Kokoro Text-to-Speech (TTS) MCP server that converts input text to MP3, optionally uploads the files to S3, and exposes the service through the MCP protocol.
https://github.com/mberg/kokoro-tts-mcpStop paying per-character for TTS API calls. This MCP server gives you high-quality text-to-speech generation that stays local, works offline, and integrates seamlessly into your existing MCP workflow.
No API rate limits or usage caps - Generate as much audio as you need without worrying about quotas or throttling. Perfect for batch processing documentation, creating training materials, or building voice-heavy applications.
Offline-first architecture - Your text never leaves your machine. No internet dependency means consistent performance and zero privacy concerns about sensitive content.
Built-in storage management - Automatically handles MP3 generation, optional S3 uploads, and intelligent cleanup. Set retention policies and forget about managing storage manually.

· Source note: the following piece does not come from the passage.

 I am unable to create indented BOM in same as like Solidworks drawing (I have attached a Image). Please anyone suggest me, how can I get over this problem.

Documentation Audio Generation
# Convert your entire README to audio in seconds
python mcp_client.py --file README.md --voice af_heart --speed 1.2
Podcast Production Pipeline Upload scripts, generate audio with consistent voice settings, and automatically sync to S3 for your editing workflow. The retention policies keep your local storage clean while maintaining backups.

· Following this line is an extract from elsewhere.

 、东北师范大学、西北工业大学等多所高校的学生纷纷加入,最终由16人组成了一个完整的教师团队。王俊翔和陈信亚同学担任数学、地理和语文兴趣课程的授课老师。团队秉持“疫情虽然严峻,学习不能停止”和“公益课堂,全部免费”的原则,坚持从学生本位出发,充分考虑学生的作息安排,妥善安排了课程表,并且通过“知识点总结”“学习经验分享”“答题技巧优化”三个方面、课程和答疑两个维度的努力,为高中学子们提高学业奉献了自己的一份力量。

Accessibility Enhancement Add audio versions of web content, emails, or reports. The multiple voice options let you match tone to content type - use different voices for different document sections or speakers.
Training Material Creation Batch convert training documents to audio. The S3 integration means your generated audio files are immediately available across your infrastructure.
Add this to your MCP config and you're generating audio through any MCP-compatible tool:
"kokoro-tts-mcp": {
"command": "uv",
"args": ["--directory", "/path/to/kokoro-tts-mcp", "run", "mcp-tts.py"],
"env": {
"TTS_VOICE": "af_heart",
"TTS_SPEED": "1.0",
"S3_ENABLED": "true",
"MP3_RETENTION_DAYS": "30"
}
}
The server handles the complexity - model loading, audio processing, file management, and S3 uploads happen automatically. You just send text and get back audio.
Automatic cleanup prevents storage bloat with configurable retention policies. Set MP3_RETENTION_DAYS=30
and files older than 30 days get automatically removed.
Flexible storage options - Keep files local, sync to S3, or delete locally after S3 upload. The DELETE_LOCAL_AFTER_S3_UPLOAD
option is perfect for high-volume generation where you only need cloud storage.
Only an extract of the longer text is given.